Why am I seeing "J%C3%A4%C3%A4kaapi" rather than "jääkaappi"?

asked 2020-09-24

Nordic

updated 2020-09-24

Guy Harris

Should I be able to see nordic letters in Wireshark capture?

I'm using Wireshark 2.6.3.

I'm sending a http post and I'm missing scandic letters (Ä and Ö).

The post should say "jääkaappi" but when I capture the post I see following: "J%C3%A4%C3%A4kaapin"

When using a different http post sniffer I can see the scandics.

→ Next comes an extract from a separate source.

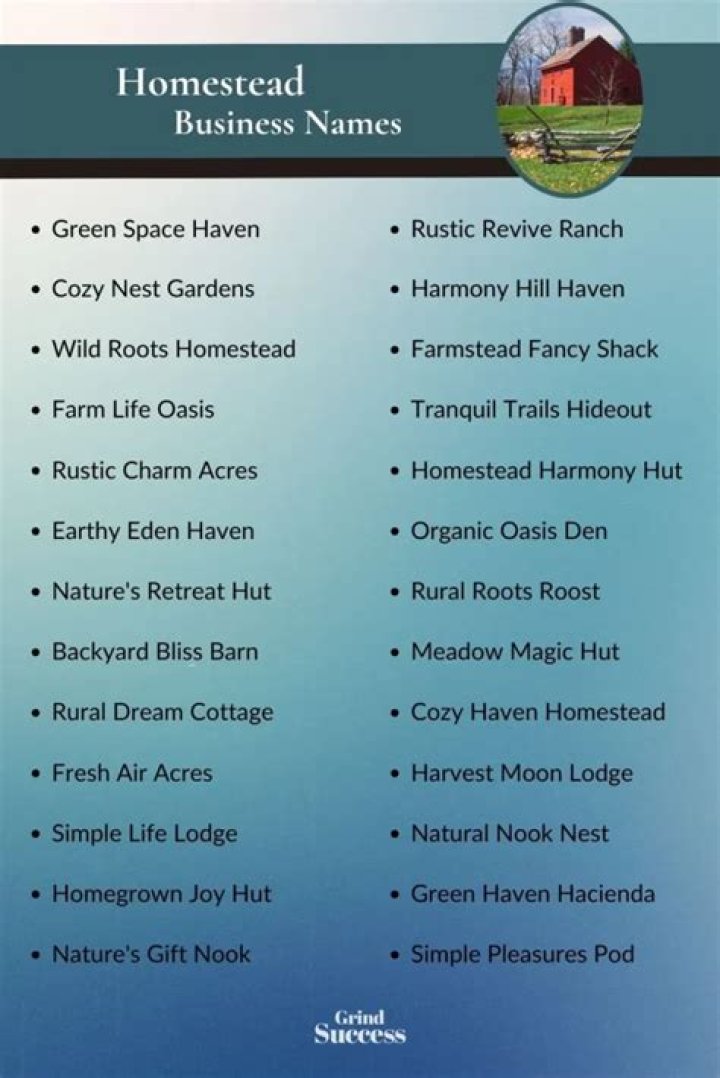 - Mixed Use: If the homestead serves multiple purposes, consider a name that encompasses the various activities, such as "Homestead Haven" or "Tranquil Acres."

Your question is missing some context, but "%C3%A4" is the UTF-8 representation of "ä". If you post a link to a capture containing the packet at issue on a public share, e.g. Google Drive, DropBox etc. we can comment further.

grahamb ( 2020-09-24 )

answered 2020-09-24

Guy Harris

What you're seeing is called "percent encoding". Whatever program is sending the HTTP POST is using percent encoding, and has, for example, percent-encoded the ä character as its two-octet representation in UTF-8 (hex C3 followed by hex A4, as per @grahamb's comment), with those two octets percent-encoded.

Wireshark doesn't do percent-encoding - it's showing you what was in the packet, without percent-encoding it.

When using a different http post sniffer I can see the scandics.

Perhaps that's not a packet sniffer, so that it doesn't capture, and display, raw network packets, which is what Wireshark does. You refer to it as an "http post sniffer"; perhaps it's a proxy sniffer, and perhaps it undoes the percent-encoding to show you what the percent-encoded text represents. What sniffer is it?